Search papers, labs, and topics across Lattice.
This paper introduces a two-stage framework, TOPPing+VACAI-Bowl, to improve language generalization for unseen low-resource varieties by explicitly modeling both variety-specific and variety-invariant features. TOPPing is a source-selection method tailored for low-resource varieties, while VACAI-Bowl is a lightweight architecture that uses adversarial training to disentangle variety-specific and invariant attributes. Experiments on dependency parsing across 10 low-resource varieties demonstrate a 54.62% average improvement, suggesting the framework's effectiveness in capturing crucial linguistic cues for generalization.
Dissimilarity, not just similarity, unlocks better language generalization for low-resource varieties.
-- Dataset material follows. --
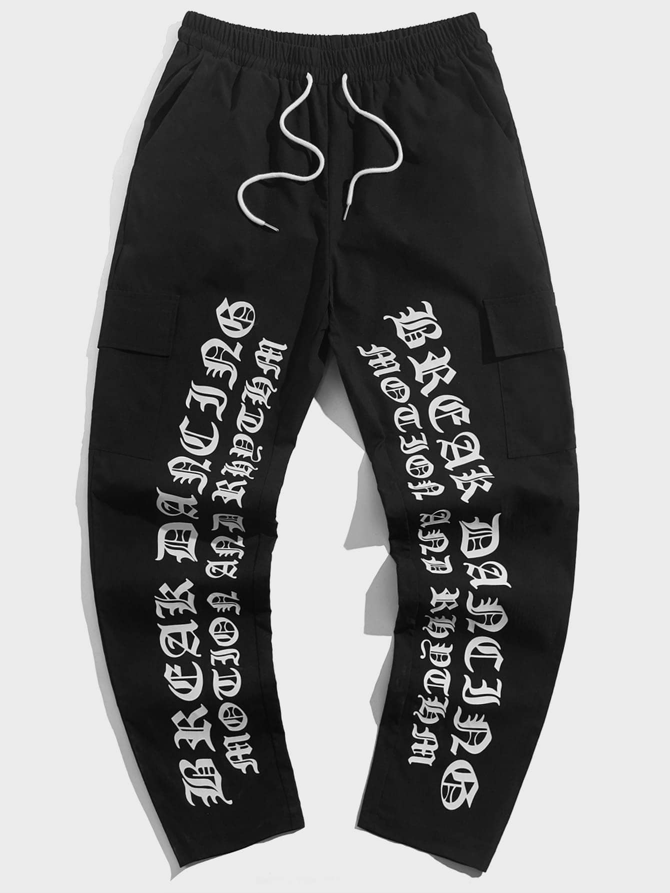 Street Life Hombres Pantalones cargo con estampado de slogan de cintura con cordón

Low-resource language varieties used by specific groups remain neglected in the development of Multilingual Language Models. A great deal of cross-lingual research focuses on inter-lingual language transfer which strives to align allied varieties and minimize differences between them. However, for low-resource varieties, linguistic dissimilarity is also an important cue allowing generalization to unseen varieties. Unlike prior approaches, we propose a two-stage Language Generalization framework that focuses on capturing variety-specific cues while also exploiting rich overlap offered by high-resource source variety. First, we propose TOPPing, a source-selection method specifically designed for low-resource varieties. Second, we suggest a lightweight VACAI-Bowl architecture that learns variety-specific attributes with one branch while a parallel branch captures variety-invariant attributes using adversarial training. We evaluate our framework on structural prediction tasks, which are among the few tasks available, as proxy for performance on other downstream tasks. Using VACAI-Bowl with TOPPing yields an average 54.62% improvement in the dependency parsing task, which serves as a proxy for performance on other downstream tasks across 10 low-resource varieties.